Author: Dale Bailey
Title: “Death and Suffrage”
Anthology: "The Living Dead" [Title Post]
Position: 3
Length: 30 pages
Third in the anthology “The Living Dead”, “Death and Suffrage” has an unlikely title for a zombie story and takes an unlikely angle to zombies. Dale Bailey says it himself in his bio that he likes to write weird stories and “Death and Suffrage” fits the category perfectly.
The undead have risen. Scary, silent and blank and they don’t eat people. They don’t cause mayhem in the apocalyptic sense, nor have they any intention to. The puzzling thing is that all they want to do is vote Grant Burton for president. The presidential election is a field day for the American politicians and as each four year mandate comes to an end, campaigns rise as bulky giants to cast their shadows across the nation in order to win over more votes. Robert has fully emerged in the neck-to-neck race to support Burton until a talk show fiasco triggers a Romero effect. In this new situation the people in politics have to reevaluate the rules, the system and values such as justice and the morality of society. At least this is how I perceive the thought-provoking usage of the undead.
Politics originally served the purpose to govern over a nation, constructing a firm frame for society to prosper. Ideals such as conscience, responsibility and civil duty towards the people were the gravitational center of how the system operated. Needless to say from the drawing board to modern reality politics aren’t highly viewed upon. I don’t understand anything as far as the actual mechanisms behind politics go, but share a fairly negative opinion. To be in position as a politician to acquire power is to find the second best use of system: making money. Election Day in any country is like Halloween for politicians and they spend a great amount on pretty costumes and then get all the goodies for artistry.
“Death and Suffrage”, to get back to the point, portrays a torn up shaded in grey picture of the politics. One way we have the grotesque need to lead at all costs in all states. The whole run seems like a great business negotiation and dirty fighting is allowed. As the story progresses the protagonist Robert films a TV add with footage of Dana Maguire, a girl, who has been killed by a fellow in kindergarten with a pistol the child has found at home. The length of which the campaign goes to cut the competition is somewhat gruesome, but here comes the controversial.
As voiced in the story, the add is sickening and feels like violating the dead, using this death as an advantage. But the fact remains the same. Dana is a victim of the government’s irresponsible attitude towards firearms. Whatever the people want is the motto politicians use to achieve high placed positions and people like their guns. “If there’s any justice in the universe, Dana Maguire will rise up from her grave to haunt you,” is essentially what Robert said about justice and the promise to melt every gun in the country.
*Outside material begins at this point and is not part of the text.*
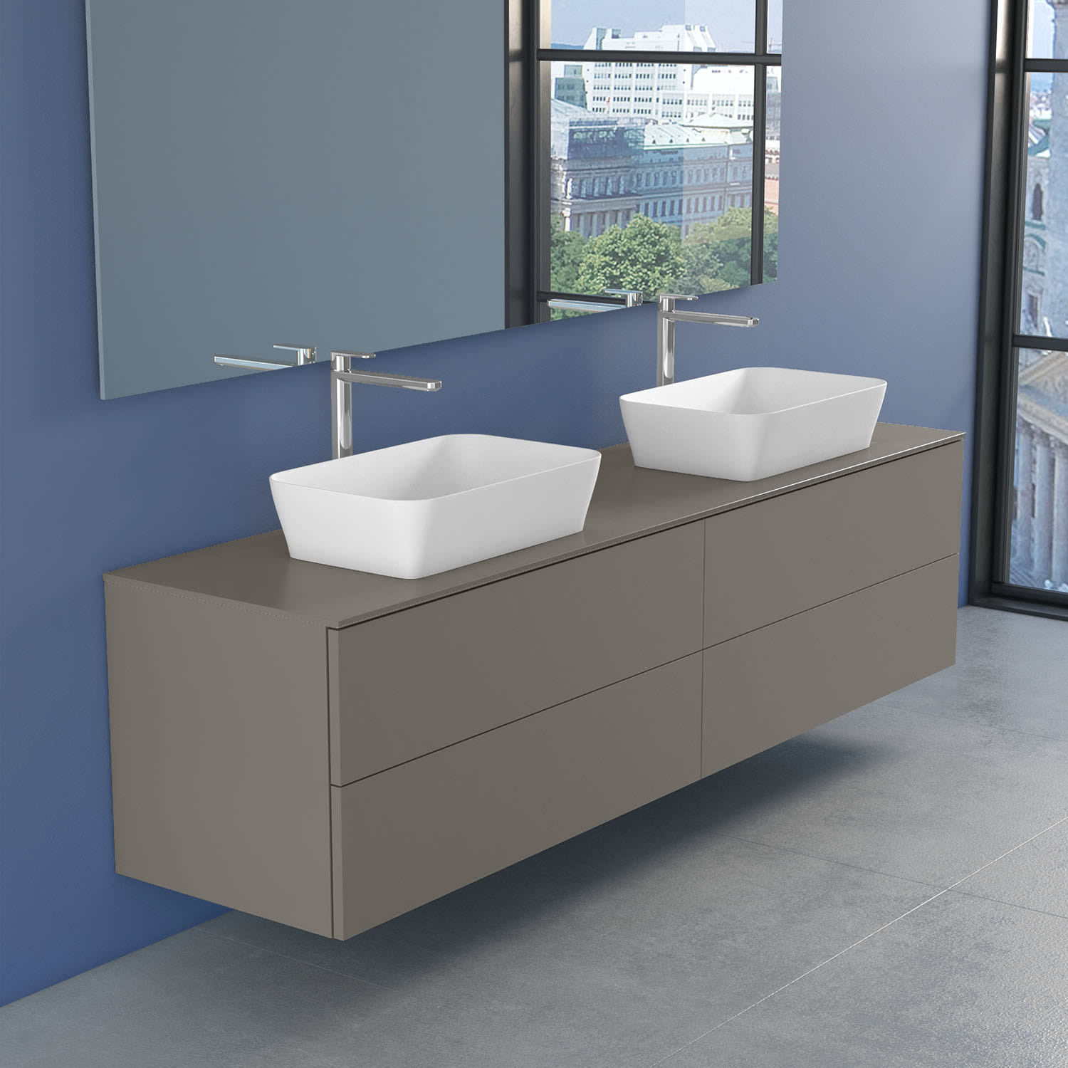 progettobagno Elba Doppel-Unterschrank 200 cm mit Glasplatte ohne Hahnlochbohrung und FLY 56 Aufsatzwaschtischen

As shown politics have the power to undo injustice, change the path of a whole and achieve its original potential. The power to affect people on a national scale is strengthened by the undead, which have come to haunt and as mentioned act as society’s conscience. This is why the story is so grey. If you win, you don’t make things better, if you try to, you lose. But this is life and nothing is simple. Everything is a complicated maze with conscience and guilt as the restraints to your actions.
There is also the matter of how personal guilt builds shared conscience, but that is reaching past the point and an experience, which is left for the reader to live through and interpret. The point in this horror tale is that zombies have one other purpose than to freak you out in your own grave. They can make you reflect on your past, the choice made in life and reevaluate the moral state of yourself and the world around you.